It is crucial to recognise that the understanding and acceptance of gender diversity exhibited considerable variation among different city-states and throughout various time periods in ancient Greece. Each region and era encompassed distinct societal dynamics and cultural intricacies that shaped perceptions of beauty and gender. The present study offers a generalised perspective, with a focus traditionally centered on Athens during the Classical Period (c. 500 – 323 BCE), which served as a significant influencer for numerous other poleis and yielded a relatively abundant body of material available for analysis (Murray, 2002).

Figure 1: Sleeping Hermaphroditus (2nd c. CE Roman copy of the 2nd c. BCE Hellenistic original).
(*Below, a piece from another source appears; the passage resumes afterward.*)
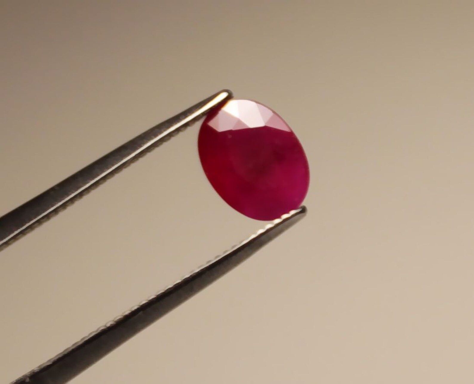 Fracture filled Ruby of 1,9 carat oval mixed cut slight violet red with ...

Each gender in ancient Greece was expected to conform to certain standards of physical appearance and behaviour. These ideals were largely restricted to the upper classes of society and were closely tied to the social and cultural norms of the time (Konstan, 2014). Furthermore, individuals of higher social standing possessed the means to acquire luxurious garments, adornments, and cosmetics, enabling them to further enhance their physical attributes and conform to the prevailing beauty ideals of the period (Lee, 2015). The concept of physical beauty was intrinsically linked to youthfulness, and the process of aging was regarded as a decline in attractiveness and desirability (Konstan, 2014). This notion is prominently reflected in the artistic representations of the time, which predominantly portrayed youthful and idealised figures, embodying the societal emphasis on youthful beauty.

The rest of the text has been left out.